A good idea would be leave the fruit bowl within reach to make it easier for them not to tend to eat other less healthy ‘snacks’. Setting an example at home by snacking on an apple or a banana as something natural invites them to do the same by imitation.

And use strategies to make visually attractive recipes. “A zucchini puree does not look or smell the same as a zucchini spaghetti with some spicy sauce, or a boat of half a zucchini stuffed with garlic shrimp and a slice of ham as a flag,” he adds.

Dairy, meat, fish and eggs

Children need a supply of foods rich in high-quality proteins for their growth and development. However, this does not mean that we can include plenty of protein foods. “We tend to eat too much protein and that doesn’t mean children will grow bigger or better. In fact, too much can cause problems.»

The goal is to alternate different protein sources, including legumes.

Sweets, pastries and others

The same thing works with children as with adults: eyes that do not see, a heart that does not feel. It’s no use saying that you can’t eat these foods if we have a pantry full of them.
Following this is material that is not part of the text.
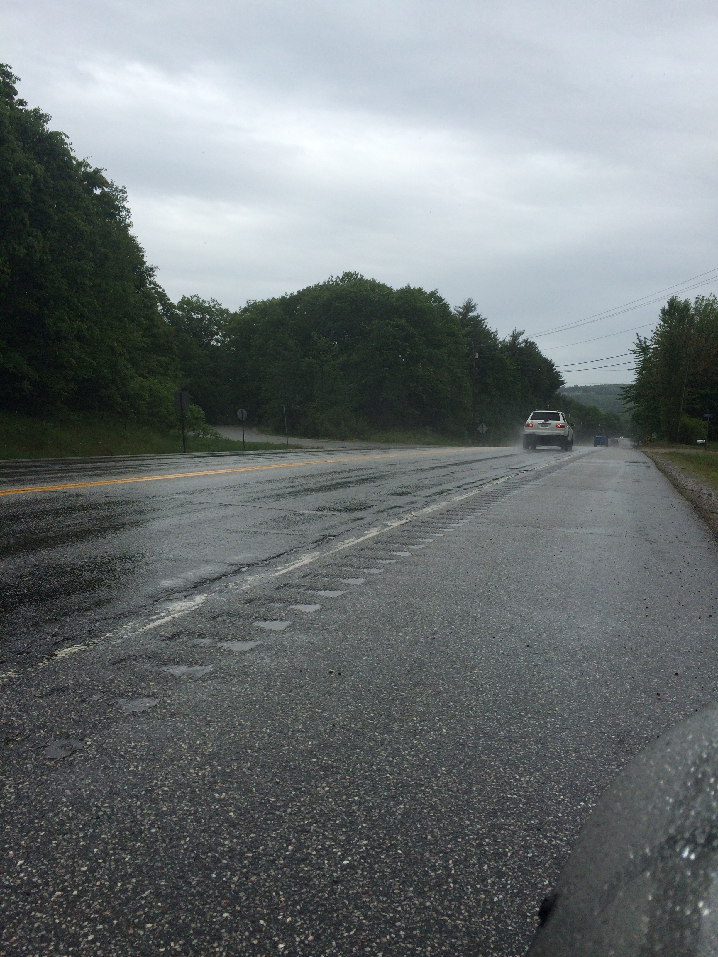 Sometimes the shoulder was better than the driving lane. Note the rumble strip between us and the cars.

Nor if we adults frequently consume them in front of them in any situation (watching television, mid-morning as a snack, when going on a hike, to the beach, to the pool…).

If we want occasional consumption, the presence of these foods at home should also be occasional.

The entry The food pyramid for children: this is how you learn to eat well was first published in Nutriiendo.

1 Comment
  1. Thanks for sharing. I read many of your blog posts, cool, your blog is very good.